Melissa Joskow / Media Matters

Research/Study Research/Study

Fox News discussed the Green New Deal more often than CNN and MSNBC combined

And Fox's coverage of the plan was riddled with misinformation, mockery, and climate change skepticism

  • In the last week of March, Fox News aired more than twice as many prime-time segments discussing the Green New Deal as MSNBC and CNN combined, Media Matters found. Fox ran 22 segments on the Green New Deal, and only half of them even mentioned climate change. MSNBC and CNN aired 14 and five segments, respectively, but all of those discussed climate change.

    Fox aired more Green New Deal segments than CNN and MSNBC combined from March 25 to 31

    Rep. Alexandria Ocasio-Cortez (D-NY) and Sen. Ed. Markey (D-MA) introduced the Green New Deal on February 7, thrusting the issue of climate change into the national political conversation. On March 26, Senate Majority Leader Mitch McConnell (R-KY) called a procedural vote on the resolution, attempting to embarrass Democrats by forcing them to take a stance on it before senators had a chance to hold hearings and debate the measure. Almost all Senate Democrats banded together to call McConnell's bluff by voting “present” instead of yes or no. 

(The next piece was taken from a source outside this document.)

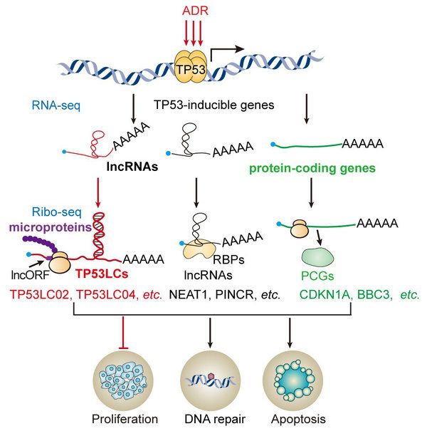 中大新闻网讯(通讯员杨建华)TP53 (p53)是最重要的肿瘤抑制因子,对于维持细胞基因组完整性至关重要。为应对 DNA 损伤,p53 蛋白被激活并作为转录因子调控大量的蛋白质编码基因、微RNA(miRNA)和长非编码RNA(lncRNA)等的表达。我们前期研究发现了p53调控的LTR逆转座子衍生的lncRNA(LTR-lncRNA)促进DNA同源重组修复的新功能(EMBO Reports, 2019)。有趣的是,最近的研究发现一些lncRNA可以进一步编码多肽(微肽)在重要的生理与病理过程中发挥调控功能。然而,p53调控的lncRNA是否可以编码多肽及作为多肽发挥重要的生物学功能仍有待阐明。

    Media Matters analyzed prime-time cable news coverage of the Green New Deal during the week of the Senate vote. From March 25 to 31, Fox News ran 22 segments discussing the Green New Deal on its weekday and weekend prime-time shows airing between 5 p.m. and midnight. Across this same period, MSNBC aired 14 prime-time segments discussing the Green New Deal, and CNN aired five.


    Melissa Joskow / Media Matters

    Only half of Fox's Green New Deal segments mentioned climate change, 11 out of 22, despite the fact that the plan is designed specifically to address the climate crisis. In contrast, all segments about the Green New Deal on MSNBC and CNN discussed climate change.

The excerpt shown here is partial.